Exercise to teach a newcomer to the CLSP grid to set up their environment and run jobs

Overview

Onboarding Exercise

You will make a list of the most common URLs in all the tweets in /home/aadelucia/files/minerva/raw_tweets_deduplicated/tweets/.

Goals of this exercise

  • Learn how to submit a job to the scheduler
  • Get comfortable with Tweet JSON format
  • Learn strategies for working with large datasets (map-reduce style setup)
  • Refresh on git commands

0. Set up your workspace

You will need to be on the grid for this exercise. You can access the grid with ssh @login.clsp.jhu.edu .

Set up your .bashrc

In order to make the grid really feel like home, we need to personalize it. We can do this by setting environment variables, having specific programs run on login, etc. Different OS have different places to save your preferences. On the grid, your preferences immediately get loaded upon login from ~/.profile. This is dumb because most other automated installed edit your ~/.bashrc to modify environment variables such as your PATH.

We need to edit your ~/.profile to source your .bashrc upon login. It's some weird thing where most programs edit your .bashrc but the system doesn't look at it upon login, so this will fix that. Open your ~/.profile with your favorite editor (I use vim) and add the following

# Code from Steven at CLSP help to read bashrc on login
if [ -n "BASH_VERSION" ]; then
    # include .bashrc if it exists
    if [ -f "$HOME/.bashrc" ]; then
    . "$HOME/.bashrc"
    fi
fi

Now you can add whatever you want to your ~/.bashrc and it will load on startup.
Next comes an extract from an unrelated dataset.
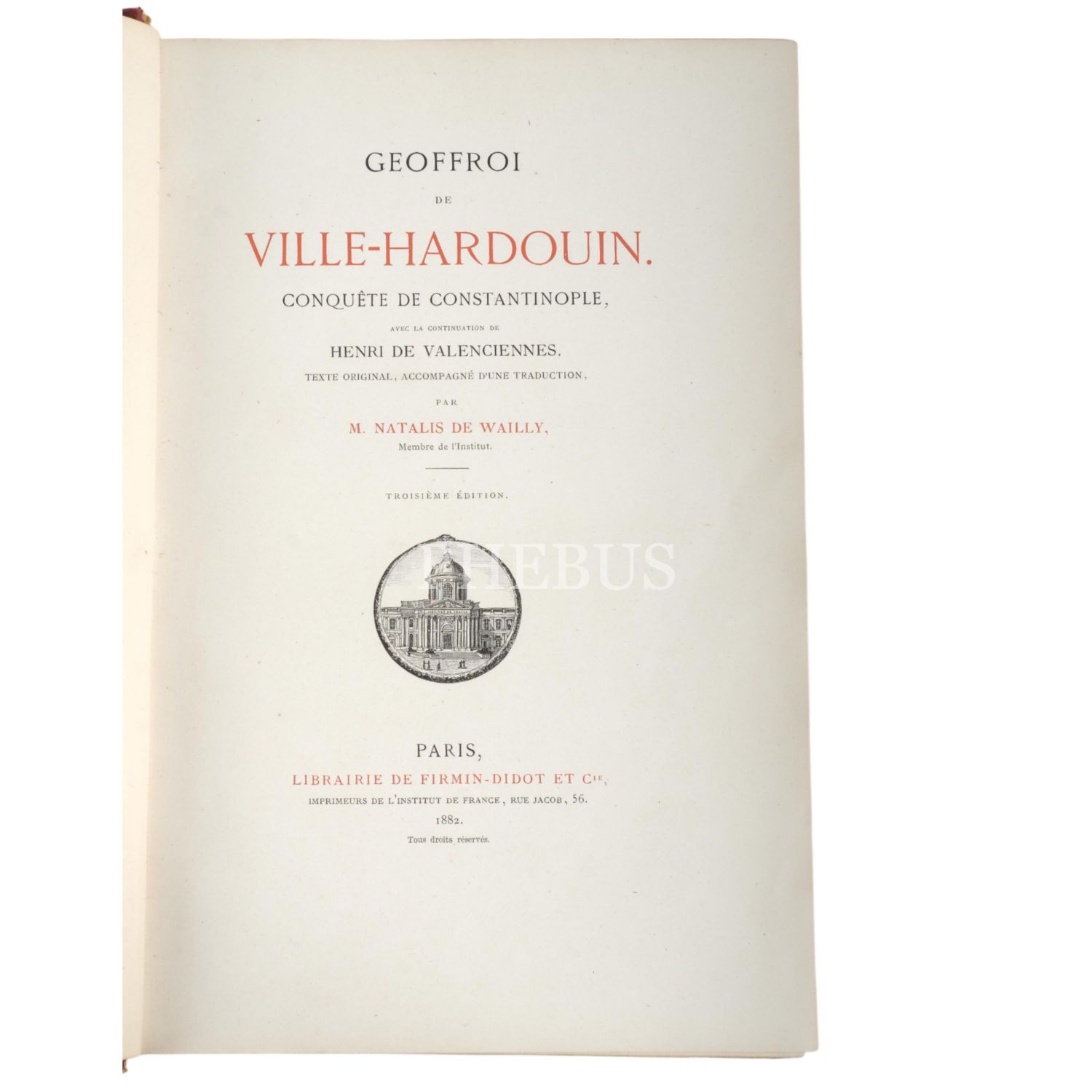 CONQUETE DE CONSTANTINOPLE, Geoffroi de Ville-Hardouin & Henri de Valenciennes, ed. Natalis de Wailly, 1882, Librairie de Firmin-Didot et Cie., Paris, 616 sayfa, 19x28 cm...

For example, mine saves project directories as environment variables and loads a specific conda environment on login:

export PROJECT=/path/to/project
conda activate fav-env

Set up SSH keys

Okay we will need to set up multiple SSH keys in order to avoid entering our passwords over and over: (1) from your local machine to the grid (2) from the grid to GitHub (3) from your grid home directory to other nodes on the cluster.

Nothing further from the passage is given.